YOUR GOAL: Your copy of the data below must be exact and must leave out all pictures.

(Source data)

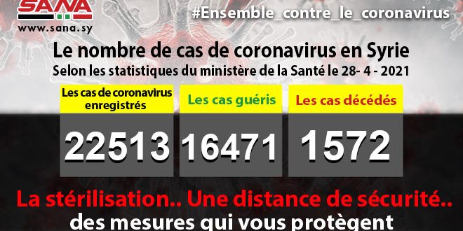 Dans un communiqué, dont une copie est parvenue à SANA, le ministère a fait savoir que le nombre des cas de coronavirus enregistrés jusqu’à présent en Syrie avait atteint 22513, dont 16471 cas de guérison et 1572 décès.
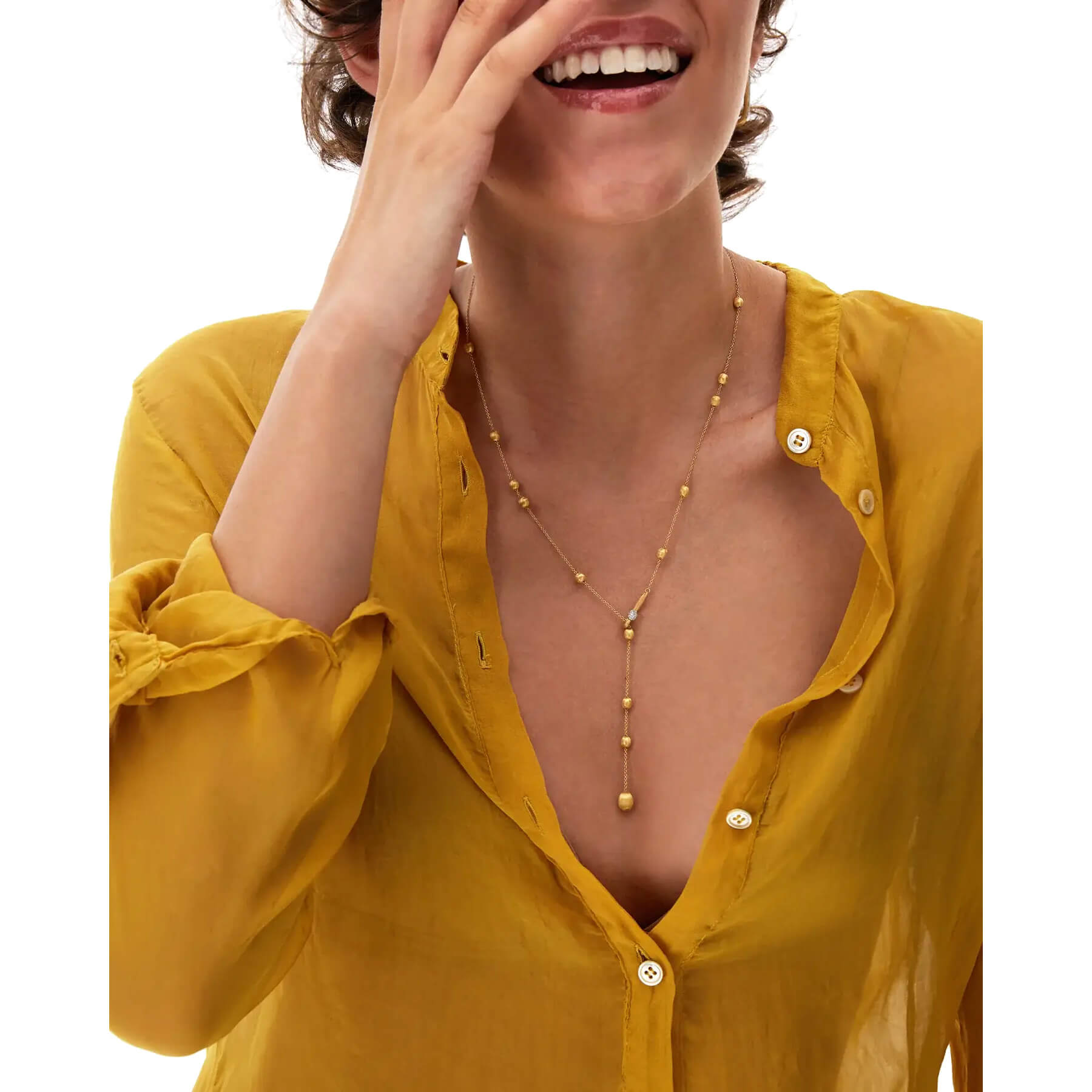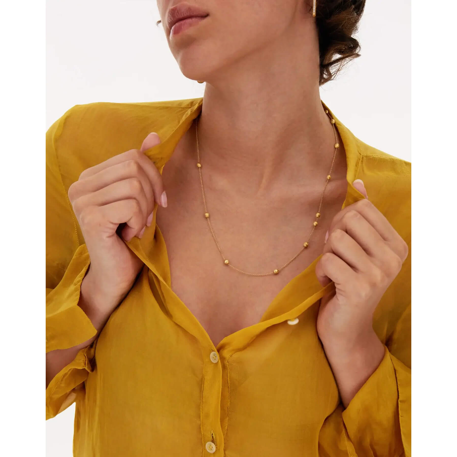 Kugeln aus 750/- Gold bilden das Herzstück dieser frischen, modernen Kette, die sich durch ihre unverwechselbare Vielseitigkeit auszeichnet. Der raffinierte Hakenverschluss, verziert mit feinen Diamanten, vereint Ästhetik und Funktionalität. Er öffnet und schließt sich sanft wie eine Feder und erlaubt es, die Kette auf vielfältige Weise anzupassen und zu tragen. Ihr könnt zwischen einer sanfteren und klassischeren Variante wählen, bei der der Verschluss an einer der Endkugeln befestigt wird, oder einer unkonventionellen, enger am Hals sitzenden Version. Ein vielseitiges und leichtes Schmuckstück, das sich perfekt an jede eurer Facetten anpasst!Produktspezifikationen
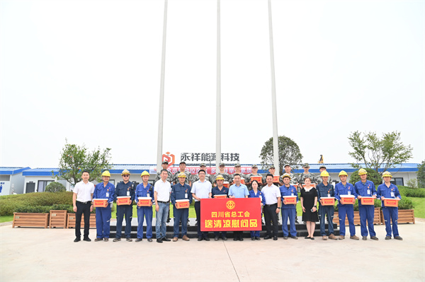 7月11日,四川省總工會黨組副書記、副主席周鍵率領省總工會領導班子成員頂著烈日到永祥能源科技項目為一線職工送去清涼物資和親切關懷。
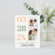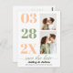 Persika och sänd grönt två foto Spara vykortet Datum. Datumet visas i persiko- och sadeltypografi i en grönt och två foton av paret. Uttrycket "Spara datumet" finns i skriptet stil typografi.
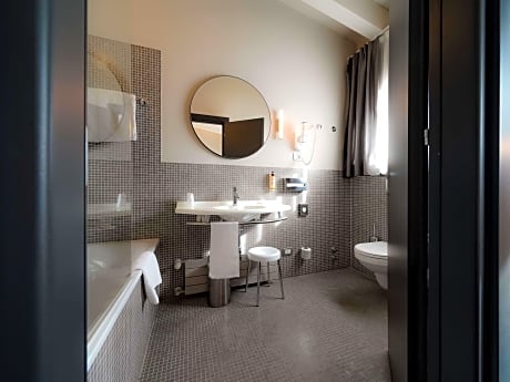 Offering air-conditioned rooms with free Wi-Fi and an electric kettle, this 4-star hotel is 984 feet from Bergamo Train Station. It has excellent transport links to Orio al Serio Airport, Milan and the lakes. Mercure Bergamo Palazzo Dolci is an elegant historical building just 5 minutes' walk from Donizetti Theater. It has good bus links to the airport and Bergamo Old Town. In the lobby, you will find a computer with free internet access and printer. Decorated in light colors, rooms at Mercure Bergamo are modern and soundproofed. They offer a flat-screen TV and a mini-bar. Breakfast has a wide selection of sweet and savory food. These include fresh fruit, pastries, salami, eggs and gluten-free items. L'Accademia bar serves fine wines, appetizers and dinner on request, open during the evening. Guests of Palazzo Dolci enjoy discounted rates at partner restaurants nearby. The Gaetano Donizetti Theater is 1312 feet from the property. The Bergamo Alta historical center is a 10-minute drive away.
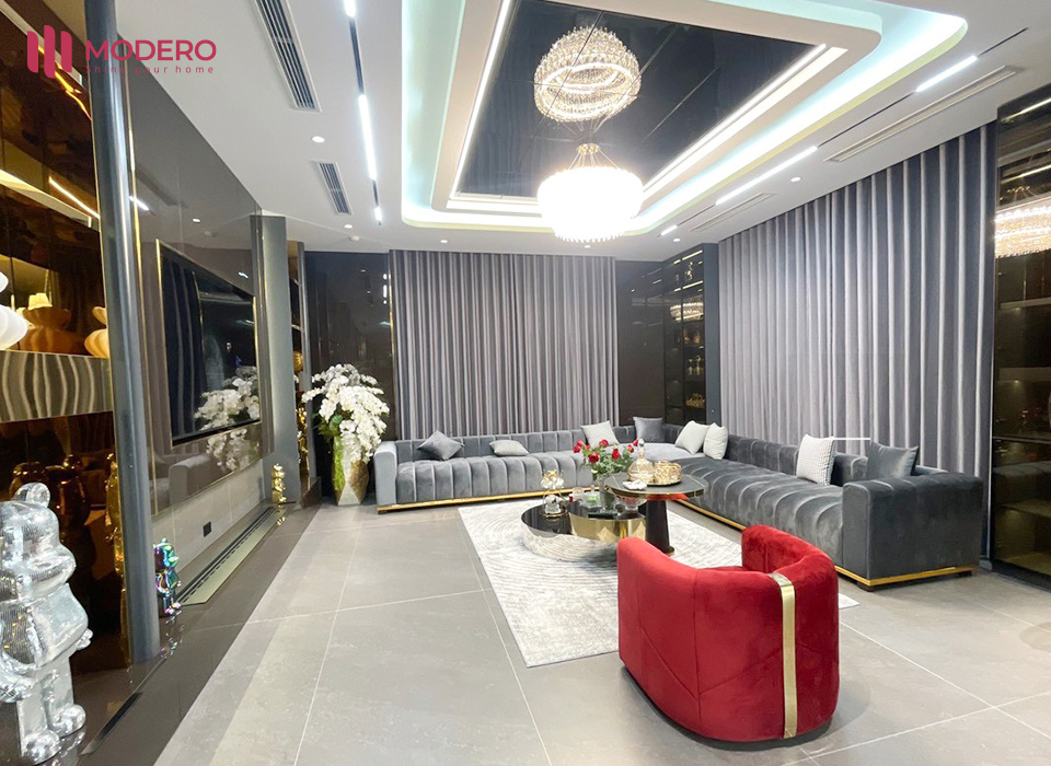 Trong phong cách hiện đại - sang trọng, việc bổ sung một số chi tiết ánh kim (gold/brass) hoặc đèn thủy tinh sẽ giúp không gian thêm phần lộng lẫy mà không phá vỡ sự tinh tế của gam xám lạnh.

REPLY TO THE EXERCISE:
 Dans un communiqué, dont une copie est parvenue à SANA, le ministère a fait savoir que le nombre des cas de coronavirus enregistrés jusqu’à présent en Syrie avait atteint 22513, dont 16471 cas de guérison et 1572 décès.
 Kugeln aus 750/- Gold bilden das Herzstück dieser frischen, modernen Kette, die sich durch ihre unverwechselbare Vielseitigkeit auszeichnet. Der raffinierte Hakenverschluss, verziert mit feinen Diamanten, vereint Ästhetik und Funktionalität. Er öffnet und schließt sich sanft wie eine Feder und erlaubt es, die Kette auf vielfältige Weise anzupassen und zu tragen. Ihr könnt zwischen einer sanfteren und klassischeren Variante wählen, bei der der Verschluss an einer der Endkugeln befestigt wird, oder einer unkonventionellen, enger am Hals sitzenden Version. Ein vielseitiges und leichtes Schmuckstück, das sich perfekt an jede eurer Facetten anpasst!Produktspezifikationen
 7月11日,四川省總工會黨組副書記、副主席周鍵率領省總工會領導班子成員頂著烈日到永祥能源科技項目為一線職工送去清涼物資和親切關懷。
 Persika och sänd grönt två foto Spara vykortet Datum. Datumet visas i persiko- och sadeltypografi i en grönt och två foton av paret. Uttrycket "Spara datumet" finns i skriptet stil typografi.
 Offering air-conditioned rooms with free Wi-Fi and an electric kettle, this 4-star hotel is 984 feet from Bergamo Train Station. It has excellent transport links to Orio al Serio Airport, Milan and the lakes. Mercure Bergamo Palazzo Dolci is an elegant historical building just 5 minutes' walk from Donizetti Theater. It has good bus links to the airport and Bergamo Old Town. In the lobby, you will find a computer with free internet access and printer. Decorated in light colors, rooms at Mercure Bergamo are modern and soundproofed. They offer a flat-screen TV and a mini-bar. Breakfast has a wide selection of sweet and savory food. These include fresh fruit, pastries, salami, eggs and gluten-free items. L'Accademia bar serves fine wines, appetizers and dinner on request, open during the evening. Guests of Palazzo Dolci enjoy discounted rates at partner restaurants nearby. The Gaetano Donizetti Theater is 1312 feet from the property. The Bergamo Alta historical center is a 10-minute drive away.
 Trong phong cách hiện đại - sang trọng, việc bổ sung một số chi tiết ánh kim (gold/brass) hoặc đèn thủy tinh sẽ giúp không gian thêm phần lộng lẫy mà không phá vỡ sự tinh tế của gam xám lạnh.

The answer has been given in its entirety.